Anggap saja kita menderita korona. Demikian pernyataan seseorang di salah satu stasiun TV Filipina. Dia mengatakan bahwa kita mengenakan masker dan mengikuti aturan seolah-olah kita sementara menderita Covid-19. Menganggap diri sebagai pasien korona, walau sebenarnya tidak ada.
Memosisikan diri seolah-olah sebagai pasien korona, mau tidak mau mesti mengenakan masker dan mengikuti aturan medis. Pada saat kita mengenakan masker, pada saat itu pula kita melindungi orang lain. Pada saat kita mengikuti aturan medis, pada saat itu pula kita menjaga diri sendiri dan tidak membiarkan orang lain dari keterjangkitan virus korona.
Pada satu sisi, apa yang disampaikan itu mempunyai poin positif. Dalam mana, kita mungkin perlu menempatkan posisi diri kita sebagai salah seorang yang menderita korona. Mungkin dengan ini, tingkat kesadaran pada bahaya dari penyakit korona bisa meningkat. Kita memberikan perhatian pada diri kita sendiri, sembari berupaya melindungi orang lain.
Sering kali terjadi orang tidak mau peduli ketika persoalannya masih jauh dari diri. Di saat situasi masih aman, orang cenderung berbuat seenaknya saja. Orang akan merasa menyesal dengan apa yang terjadi saat dia sudah berhadapan dengan persoalan itu.

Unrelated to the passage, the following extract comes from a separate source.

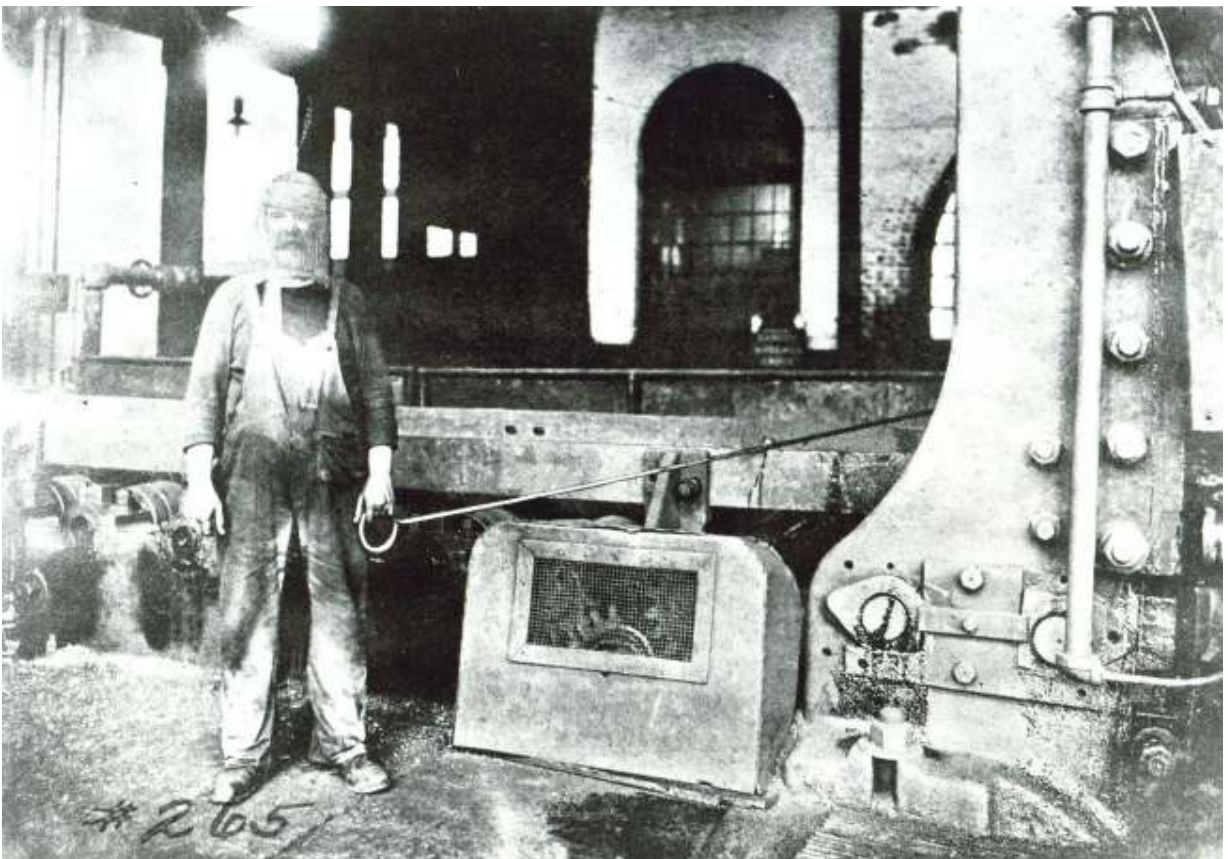
c.1890 - Worker at Illinois Steel, wearing an early net protective safety mask

Pada beberapa hari terakhir ini, kita dihadapkan dengan tagar "Indonesia Terserah." Tagar ini menunjukkan pernyataan sikap tim medis atas apa yang sementara terjadi di tengah masyarakat. Mentalitas yang ditunjukkan oleh sebagian masyarakat seolah tidak memberikan apresiasi pada upaya dan perjuangan yang sementara dilakukan oleh tim medis.
Di banyak rumah sakit di tanah air, banyak tim medis berjuang. Mengorbankan waktu, tenaga, perasaan dan bahkan nyawa mereka demi menangani virus korona.
Sementara itu, pada level masyarakat, ada yang seolah tidak peduli pada situasi yang terjadi. Masih banyak orang keluar rumah dan membanjiri tempat-tempat publik tanpa peduli pada situasi yang terjadi.
Hemat saya, mentalitas ini tidak lepas dari pola pikir. Pola pikir yang menganggap remeh tentang persoalan krisis yang sementara terjadi. Pola pikir yang merasa diri hebat dan kebal dari krisis. Pola pikir yang menilai persoalan krisis sebagai tanggung jawab sebagain orang, dan bukannya tanggung jawab bersama.
Coba kita membangun pola pikir bahwa kita seolah menjadi pasien korona. Pada saat kita memosisikan diri sebagai pasien korona, kita juga mesti mempertimbangkan efek penyakit itu bukan saja untuk diri kita sendiri, tetapi untuk orang lain.
Pada saat itu, barangkali kita mulai peduli pada diri kita sendiri. Tentunya, sebagian besar dari kita cemas menghadapi kematian. Dengan pola pikir seperti ini, kita membangun kesadaran diri. Menjaga kesehatan pribadi sebagai cara menjaga sesama yang lain.
Di balik menyeruak tagar "Indonesia Terserah", kita juga dihadapkan dengan tagar "Jangan mudik dulu." Persoalan mudik di tengah situasi pandemi sudah lama menjadi topik yang didiskusikan. Bahkan bukan pada level diskusi. Presiden sendiri sempat menghimbau masyarakat untuk tidak melakukan mudik selama masa pandemi.